(Beginning of INPUT RECORDS)

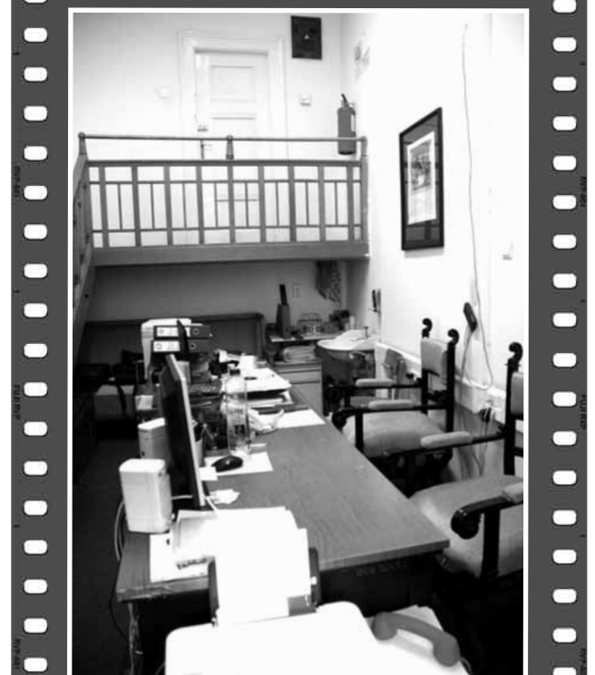
În fundal, canapeaua pe care dormea Lucian Blaga
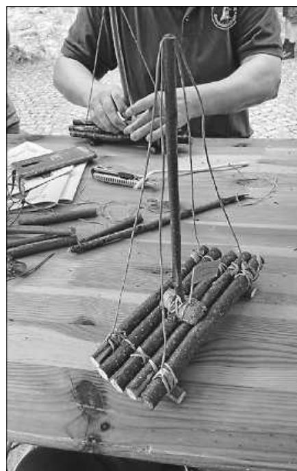
Flößlebau an der Waldbach.
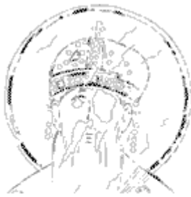
9. Štefan Prvovenčani Žiča 1309 - 1316

За грб Републике Србије је предложен грб Краљевине Србије из 1882. године (слике 2 и 7), који као симболе краљевске власти садржи две хералдичке краљевске круне и краљевски плашт од хермелина. Србија је сада Република и не може да у свом грбу има хералдичке симболе који означавају актуелну краљевску власт. Председници република не носе ни круне ни хермелинске плаштите. Србија увек има право на своје традиционалне симболе. Српска историја и традиција не почињу ни 1941, ни 1904, ни 1882, ни 1815, ни 1804, него од ХИИ века, од Немањића. Три главна српска хералдичка симбола су:
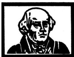
Dr. Samuel Hahnemann
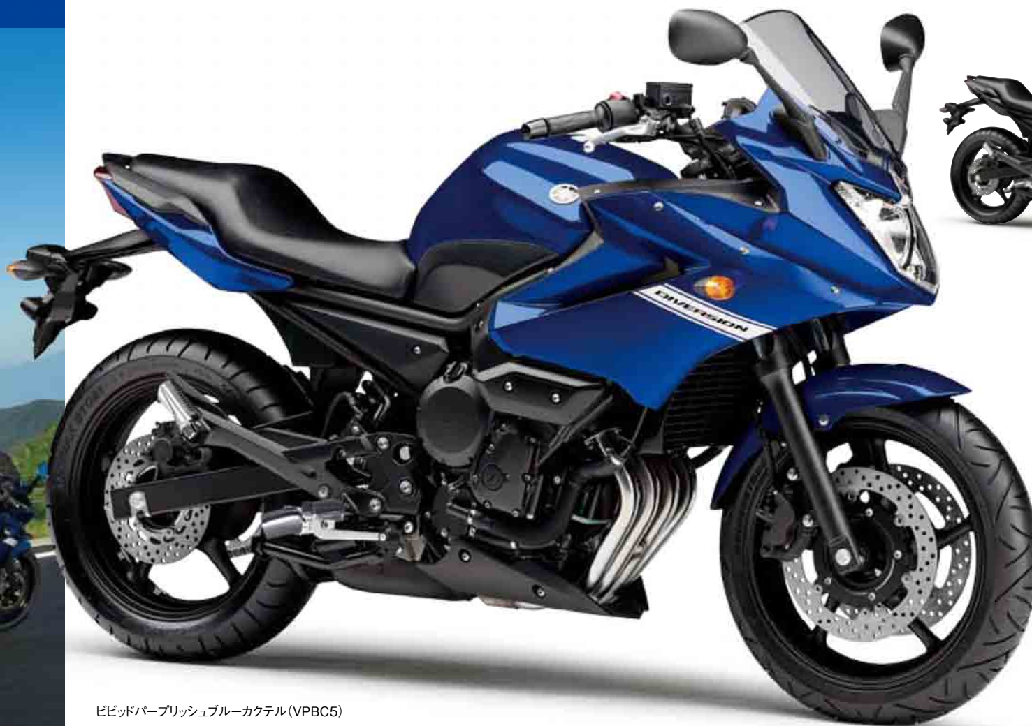
ビビッドパーブッシュブルーカクテル (VPBC5)
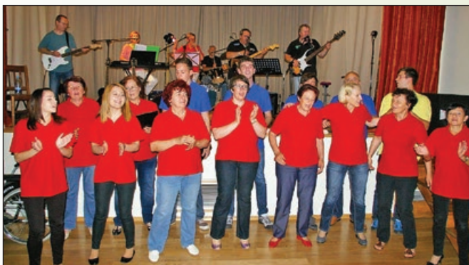
Vse mora biti točno tako, kot je dogovorjeno

Naenkrat je spet polno tistega pozitivnega adrenalina, obenem pa okoli tudi polno prijateljev, ki z nevsakdanjim leskom v očeh čakajo, katera pesem bo sledila. Glasovi in instrumenti ansambla Skrivnost dosežejo najlepši mogoč učinek, ko skoraj vsi prisotni v dvorani pritegnejo petju, brez not, brez besedil. Kako dobro znamo zapeti vsi skupaj, kako mogočno in povezano zveni! Kako tudi ne, saj gre vendar za pesmi naše skupne mladosti, ki še vedno zvenijo v naših spominih in v naših srcih!

(End of INPUT RECORDS)

### DESCRIPTION OF THE TASK
Omit the pictures and print again exactly the lines from the one with "Dr. Samuel Hahnemann" through the final line of the entries, both ends included.

### THE ANSWER
Dr. Samuel Hahnemann
ビビッドパーブッシュブルーカクテル (VPBC5)
Vse mora biti točno tako, kot je dogovorjeno

Naenkrat je spet polno tistega pozitivnega adrenalina, obenem pa okoli tudi polno prijateljev, ki z nevsakdanjim leskom v očeh čakajo, katera pesem bo sledila. Glasovi in instrumenti ansambla Skrivnost dosežejo najlepši mogoč učinek, ko skoraj vsi prisotni v dvorani pritegnejo petju, brez not, brez besedil. Kako dobro znamo zapeti vsi skupaj, kako mogočno in povezano zveni! Kako tudi ne, saj gre vendar za pesmi naše skupne mladosti, ki še vedno zvenijo v naših spominih in v naših srcih!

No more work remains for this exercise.